Eli Hebron olhou para esta actividade e lembrou-se das memórias de Chaplin dos dias passados, quando "tudo o que era preciso para fazer um filme era ir para um parque com uma escada, um balde de cal e Mabel Normand".
Depois viu Charlie Royce e Franklin Pierce Archer, o homem do banco de Boston, a dirigirem-se apressada e determinadamente para o estúdio exterior um. Royce olhava
para o outro, a falar rapidamente e a gesticular. Archer, um homem alto e magro e de ombros descaídos, ouvia atentamente, assentindo. Os dois homens eram muito parecidos:
vestiam pesados e escuros fatos completos de cheviote. Correntes de relógio e sapatos altos. Vestidos, pensou Hebron, para um filme de ianques sovinas.
Deprimido, voltou para a secretária e chamou Mildred pelo dictógrafo.

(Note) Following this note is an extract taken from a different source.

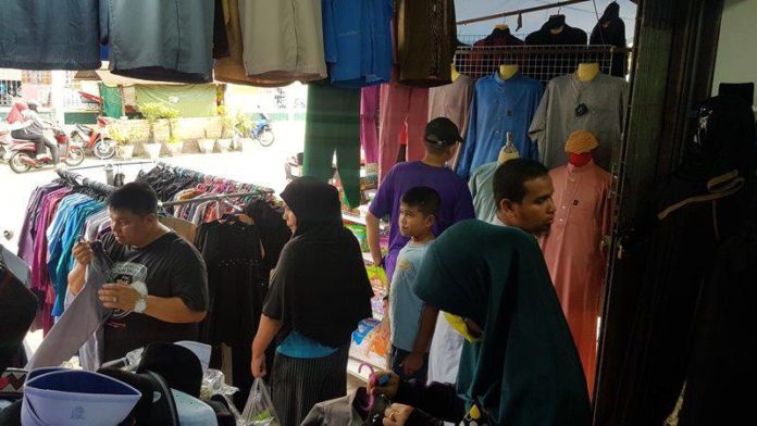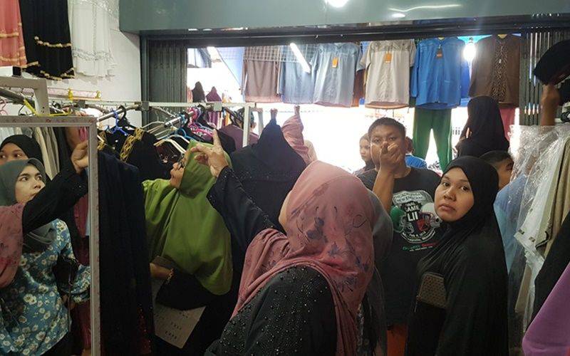 ประชาชนแห่ออกมาซื้อเสื้อของใช้เตรียมฉลองเทศกาลในวันฮารีรายอ อีดิ้ลฟิตรี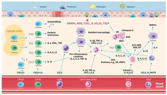 The pathogenesis of COPD in relation to leukocyte subtypes is summarized in Figure 2. It often begins with inflammatory responses triggered by inhaled irritants, such as smoke, pollutants, or pathogens. Damaged epithelial cells release ROS, TSLP, IL-33 and -25, and CXCL8. This response activates inflammatory pathways, leading to inflammation and tissue damage. C-X-C chemokines serve as attractants for neutrophils and bind to CXC chemokine receptors on the surface of these neutrophils, thereby facilitating their recruitment. Activated neutrophils release ROS, cytokines, chemokines, and proteases, which further amplify the inflammatory response. Neutrophil extracellular traps contribute to lung tissue damage and inflammation. Chemotactic cytokines such as CXCL9, CXCL10, and CXCL11, recruit T lymphocytes expressing CXCR3, whereas CXCL13 recruits B lymphocytes expressing CXCR5. CD8+ cytotoxic T lymphocytes contribute to the inflammatory response by releasing pro-inflammatory cytokines, including IFN-γ and TNF-α, perpetuating inflammation and tissue damage. Th1 cells mainly produce IL-2, IFNγ, and TNF, while Th2 cells primarily secrete IL-4, IL-5, and IL-13. Both phenotypes play distinct roles in the inflammatory responses in the lungs. B cells produce autoantibodies that may contribute to tissue inflammation. Upon activation by various inflammatory stimuli, monocytes migrate to the lungs, where they differentiate into macrophages. Activated circulating and resident macrophages release cytokines and chemokines, which recruit additional immune cells. Eotaxin-1 recruits eosinophils to the airways by binding to the CCR3 receptor. IL-4, 5, 13, and 33, and TSLP further enhance eosinophilic activity. Eosinophils release a variety of inflammatory mediators, including IL-4, IL-5, IL-13, TGF-β, ROS, ECP, MBP, EP, and EDN. These mediators contribute to inflammation, airway remodeling, and hyperresponsiveness. Basophils express the CCR3 receptor, which is activated by CCL5, CCL11, and MCP-3. Upon activation, basophils release elastase, IL-4, IL-13, IL-8, and CCL5, which promote the recruitment of neutrophils, eosinophils, and macrophages. The activation of these different types of leukocytes triggers an inflammatory response, resulting in airway inflammation, remodeling, and tissue destruction.

- Apanha-me o Abe Vogel, por favor - disse.
O agente estava à espera quando ele pegou no telefone um momento depois.
- bom dia, Sr. Hebron - disse Vogel.
- Faz-me rir, Abe.
- Há uma tipa que está mesmo bem no negócio - disse prontamente o agente. - Trabalha para a MGM de dia e para a Fox à noite.
- Não é má - Eli Hebron riu-se. - Então... ligaste. Que é que tens?
- Uma rapariga nova. Uma do tipo de Esther Ralston, mas morena. Pode dar uma vampe.
- Agora, não temos nada para uma vampe, Abe.
- Por favor, Sr. Hebron, veja-a. Não é bonita, mas tem alguma coisa. Acho que vai dar que falar. Alguma vez me enganei?
- Alice Cormack - disse Hebron.
- Isso foi o ano passado - protestou o agente. - Já me enganei este ano?
Hebron riu-se novamente.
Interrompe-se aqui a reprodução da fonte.